Due to changes in communications technology in the 30 years after FISA was enacted in 1978, Congress recognized that the intelligence community was having to obtain probable cause orders to conduct electronic surveillance even on foreign terrorists outside the United States (i.e. individuals not afforded Fourth Amendment protections). To rectify this problem, Congress enacted the FISA Amendments Act in 2008, which added Section 702 to FISA. The program authorizes the collection of foreign intelligence information of non-U.S. people located overseas.

This program has been incredibly successful in the United States’ counterterrorism efforts worldwide. For example, it was the primary means by which the former number two commander of ISIS, Hajji Iman, was tracked and removed from the battlefield. The U.S. government spent two years trying to locate him, and even offered a $7 million reward for information on his whereabouts. Data collected under Section 702, which targeted Iman’s associates, was a critical development because it allowed for our surveillance on the ground to track Iman and ultimately remove him from the battlefield.

According to the Privacy and Civil Liberties Oversight Board (PCLOB), this program has played an imperative role in discovering and disrupting terrorist plots, as well as identifying formerly unknown participants in international terrorism, all while operating within constitutional boundaries.

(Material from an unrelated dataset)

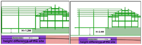 Except for the first through-beam, which has a relatively fixed position, the position of the top through-beam is related to the height of the hypostyle columns (Table 2). The placement of the remaining through-beams is relatively flexible, reflecting the wisdom of the Tujia people. Due to common limitations in materials and supplies, it is often impossible to meet the demand for evenly spaced beams. The specific positions of the through-beams in Tujia dwellings are flexibly adjusted based on their basic connection and load-bearing functions, resulting in a rich variety of forms. Moreover, when the dimensions of the through-beam materials are inappropriate, the uneven arrangement can provide opportunities for secondary material adjustments, greatly reducing material waste [12]. Based on this, the positions of all through-beams are reserved as initial variables and incorporated into the specific layout grammar to better reflect the flexibility of through-beam arrangement.

Despite what some critics will have the American public believe to be true, Section 702 is a targeted authority that monitors communication of foreign individuals originating from foreign countries. For example, in its 2016 annual transparency report, the Director of National Intelligence stated there were approximately 106,000 Section 702 targets, out of a global population of 7.5 billion. The law does not allow for bulk collection, and strictly prohibits the use of this authority to knowingly collect information on U.S. persons.

In order to ensure the protection of U.S. citizens’ right to privacy for the times that U.S. persons' information may be incidentally collected by targeting one of these foreign bad actors, Section 702 is subject to extraordinary checks and balances, including oversight from all three branches of government. It is also worth noting that the Foreign Intelligence Surveillance Court and other U.S. federal district courts have found Section 702 to be constitutional.

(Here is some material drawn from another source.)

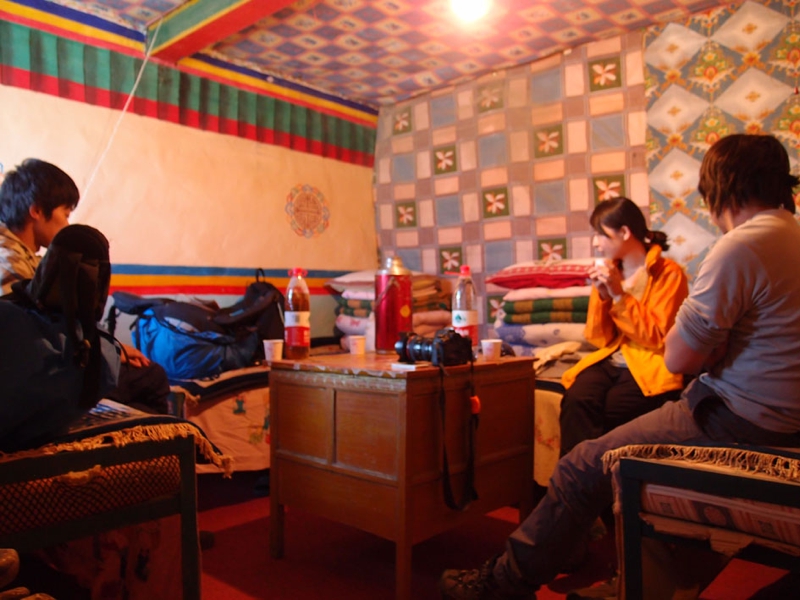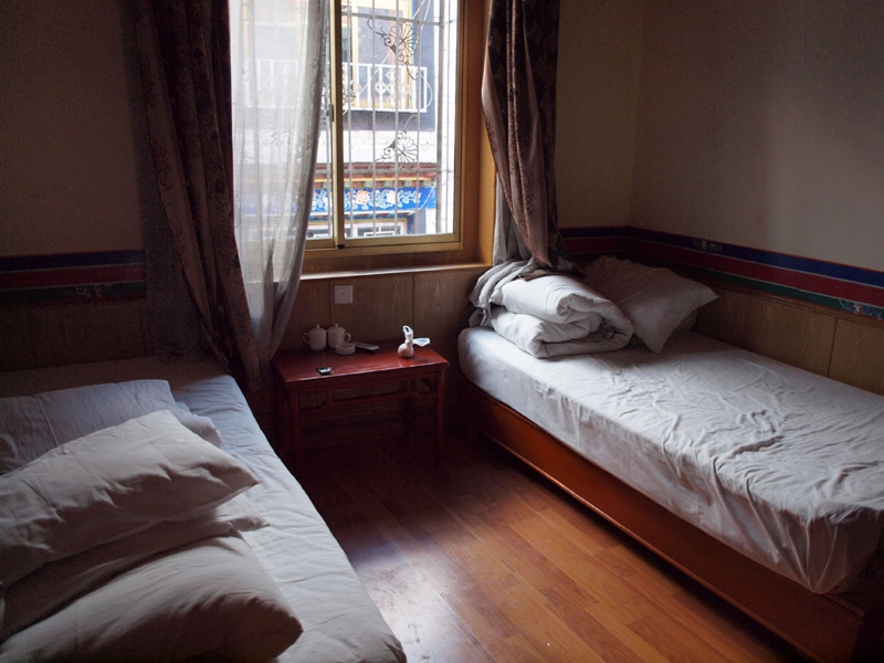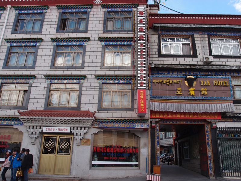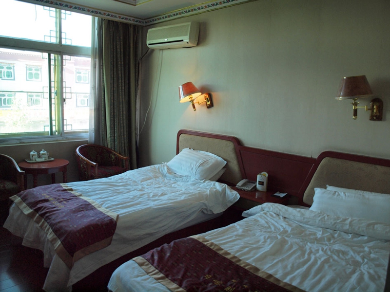 [comment]ガイドお勧めの宿「珠峰友誼賓館」がなぜか外国人の宿泊を拒否しており、旦増賓館(テンジン・ホテル)のドミは65元と高値でしかも共同シャワーがないとのことだったので、高めの宿に泊まることにした。正規の値段は580元。ガイドのコネで安く泊まれた。見かけは良いが、設備は機能していないものが多い印象を受けた。お湯は出が悪く寒かった。朝食込み。拉薩の「YAK HOTEL」と同系列らしい。

The legislation Congress will consider this week includes new privacy enhancements to further protect Americans’ privacy rights. These provisions include: a new requirement for the FBI to have probable cause before it reviews any 702 data during a criminal investigation not related to national security, as well as a new requirement restricting use of Section 702 information in criminal cases against U.S. people to just those crimes related to national security or severe crimes such as murder or kidnapping.

As a conservative, I am committed to both protecting our national security and our civil liberties. As a matter of national security, we cannot return to a pre-9/11 footing by reinstituting barriers between national security and law enforcement. Given the concerns of many of my colleagues and constituents, I have studied the Section 702 program and believe that this program is protecting American lives without jeopardizing the constitutionally-guaranteed rights of our citizens.

The data collected under this program simply cannot be obtained any other way, making it an invaluable and irreplaceable national security tool. Rather than revert to a pre-9/11 security position, Congress should reauthorize this vital program by quickly and overwhelmingly supporting S. 139, the FISA Amendments Act of 2017.

Jim Banks, a Republican member of the House Armed Services Committee, represents Indiana's third congressional district.